The invention relates to a solid state fermentation process and a formula of fermented bean curd, belonging to the field of food industry. Aiming to the problems that the fermentation period of the traditional bean curd is long, juice is easy to leak and the like, the invention adopts the technical scheme that spice and a complex enzyme preparation are directly added when salted bean curd is bottled so as to ferment the fermented bean curd in the later period, the influence on the taste, the shape, the fermentation period and the quality guarantee period of the fermented bean curd by the complex enzyme preparation, salt, wine and the spice is researched, the influencing degree on the solid fermentation process of the fermented bean curd by the complex enzyme preparation, the salt, the wine and the spice is studied and discussed, and an optimum production process of the solid fermentation of the fermented bean curd, therefore, the problems of long fermentation period, easy juice leakage and the like of the fermented bean curd of the traditional semi-liquid and semi-solid fermentation are solved. The invention simplifies the process flow, shortens the fermentation time and quickens the fund turnover rate by 50-60 percent.

Description

Solid state fermentation process of fermented bean curd
Technical field
The present invention relates to fermented bean curd solid-state fermentation technology and prescription, specifically is solid-state sufu fermentation method of research and the traditional semisolid semi liquid state fermentation process difference at batching, fermentation period, shelf-life, local flavor etc., belongs to field of food industry.
Background technology
The form of utilizing of soybean comprises non-fermented product and fermented product, and the former has whole grain soybean, soya-bean milk, bean curd and soy meal etc.; The latter has fermented bean curd, beans sauce, soy sauce, natto and Dan Pei etc.First-elected again fermented bean curd in the fermented bean products.Because behind microbial fermentation, compare the change of generating capacity and matter under plurality of enzymes system effect of contained protein of fermented bean curd and starch with bean curd, protein resolves into amino acid and polypeptide, and starch is converted into monose and compound sugar, very easily be absorbed by the body its bioavilability maximization.
Fermented bean curd is classified according to its fermentation mode can be divided into two kinds in solid state fermentation fermented bean curd and liquid state fermentation fermented bean curd.The auxiliary material of solid state fermentation fermented bean curd is the main source of enzyme system and enzyme amount in the sweat, and raw material mainly is to add that through the lima bean lobe (mould lobe) that aspergillus oryzae is handled various condiment mix, and the effect in fermentation is: improve the required enzyme that ferments; Seasoning; Secluding air.The amount of adding approximately is 50% of a salt marsh base.Solid state fermentation is that microorganism is not having or do not having substantially the solid state substrate top fermentation mode of free water, in the solid state substrate, Gu, tuck in, gas three-phase and depositing, promptly contain water and water-insoluble materials in porous solid matrix.Compare with liquid state fermentation, solid state fermentation has following advantage: water activity is low, and matrix water-insoluble height is fit to multiple growth of microorganism, the enzyme activity height, and enzyme system is abundant, and sweat is extensive, does not need strict aseptic condition; Simple in equipment, small investment, energy consumption is low, and is easy to operate; Post processing is simple, pollutes and lacks, basic without sewage discharge.
Summary of the invention
The objective of the invention is to design a kind of prescription and technology of fermented bean curd solid state fermentation, long at traditional sufu fermentation cycle, product easily produces aerogenesis and leaks problems such as juice, employing directly adds spice and complex enzyme formulation fermented bean curd is carried out later stage fermentation when salty embryo is bottled, research complex enzyme formulation, salt, wine, spice are to the fermented bean curd mouthfeel, form and fermentation period, the influence of shelf-life, investigation complex enzyme formulation, salt, wine, spice are to the influence degree of fermented bean curd solid ferment process.

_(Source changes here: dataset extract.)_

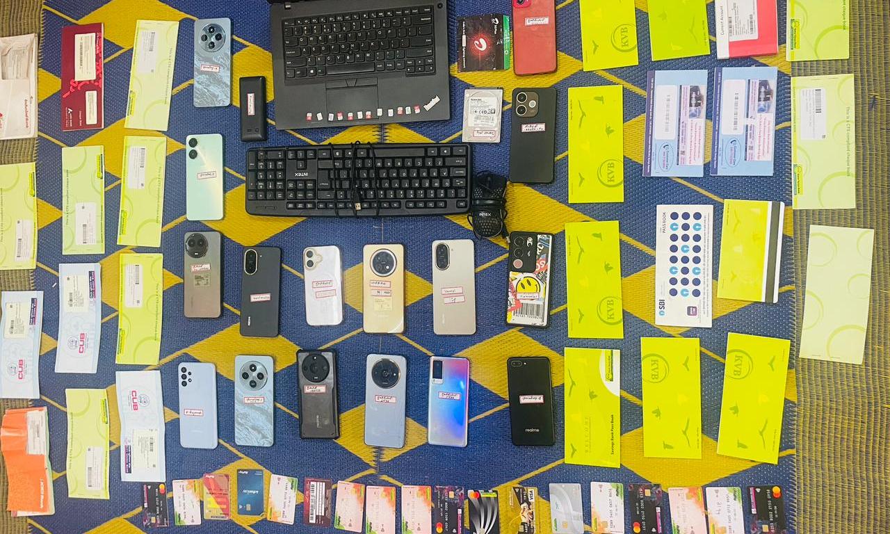 The police have seized 18 cellphones, one laptop computer, 12 SIM playing cards, 15 cheque books, 12 financial institution passbooks, and 18 debit playing cards from the accused. Officers mentioned additional investigation is on.

Production stage of the present invention is as follows:
1) screen.The used salt of the base that will salt down is prepared, and component installs in time the fermented bean curd base screen of maturation, must not cross tender or old excessively fermented bean curd base screen.Before the screen, the used salt of the base that will salt down is prepared, and component installs in time the fermented bean curd base screen of maturation, must not cross tender or old excessively fermented bean curd base screen.When pickling, at the bottom of pickling basin, be sprinkled into the very thin salt of one deck in advance equably, then the fermented bean curd base of screen placed vertically in basin, promptly evenly be sprinkled into one deck salt behind folded full one deck fermented bean curd base, every layer add salinity should by the end to the suitable increment of face
2) soak.Adopt different formulations complex enzyme formulation, wine, spice, investigate influence degree fermented bean curd mouthfeel, form, fermentation period and sweat,
It is amylase, protease that complex enzyme formulation is selected in immersion for use; Prescription is (percentage by weight): salt (0.3-0.9); Wine (0.05-0.35); Spice (0.015-0.09).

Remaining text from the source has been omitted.